Exactly the lines from the start of the entries through the line with "沙雕作者感谢紫瑶i送出的十朵花花" are required in the output, with no pictures among them.
____________
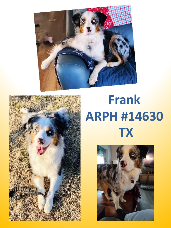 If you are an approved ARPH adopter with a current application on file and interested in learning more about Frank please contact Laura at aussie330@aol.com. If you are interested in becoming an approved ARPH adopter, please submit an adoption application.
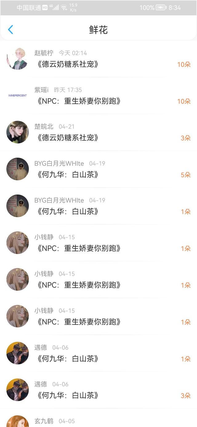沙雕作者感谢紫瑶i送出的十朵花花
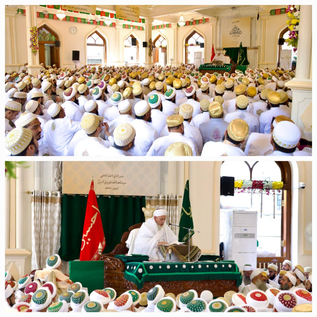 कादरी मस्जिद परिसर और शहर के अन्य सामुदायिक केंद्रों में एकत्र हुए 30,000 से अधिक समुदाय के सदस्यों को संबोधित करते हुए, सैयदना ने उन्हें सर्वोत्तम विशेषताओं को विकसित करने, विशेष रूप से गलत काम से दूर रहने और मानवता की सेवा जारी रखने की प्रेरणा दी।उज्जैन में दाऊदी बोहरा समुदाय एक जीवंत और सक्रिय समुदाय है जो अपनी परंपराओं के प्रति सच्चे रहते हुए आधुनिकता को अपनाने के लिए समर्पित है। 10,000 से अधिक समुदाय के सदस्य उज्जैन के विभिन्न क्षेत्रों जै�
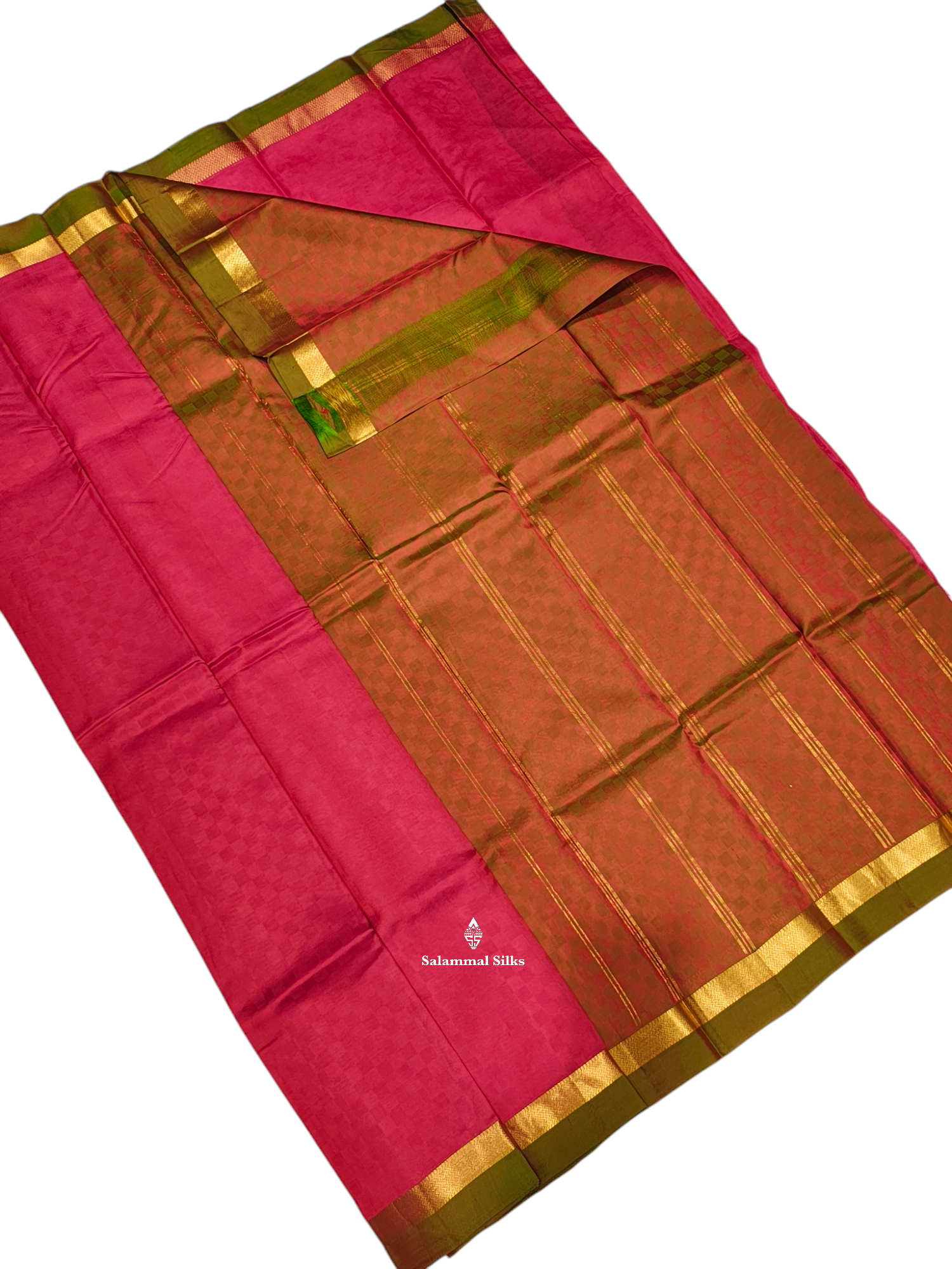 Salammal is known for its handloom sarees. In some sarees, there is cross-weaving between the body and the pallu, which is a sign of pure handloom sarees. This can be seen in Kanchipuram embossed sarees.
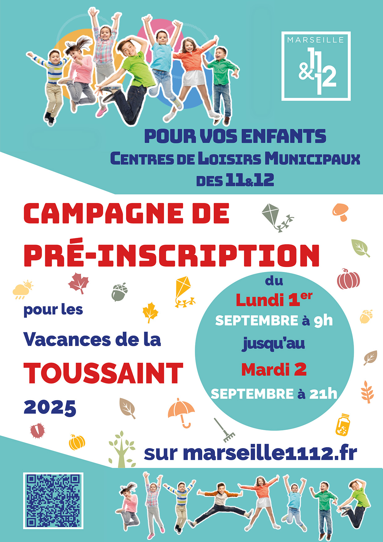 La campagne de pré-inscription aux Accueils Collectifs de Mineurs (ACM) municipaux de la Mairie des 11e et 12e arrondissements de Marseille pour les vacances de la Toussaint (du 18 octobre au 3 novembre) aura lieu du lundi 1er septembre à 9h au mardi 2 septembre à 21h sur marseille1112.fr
____________
(SOLUTION TO THIS EXERCISE)
 If you are an approved ARPH adopter with a current application on file and interested in learning more about Frank please contact Laura at aussie330@aol.com. If you are interested in becoming an approved ARPH adopter, please submit an adoption application.
沙雕作者感谢紫瑶i送出的十朵花花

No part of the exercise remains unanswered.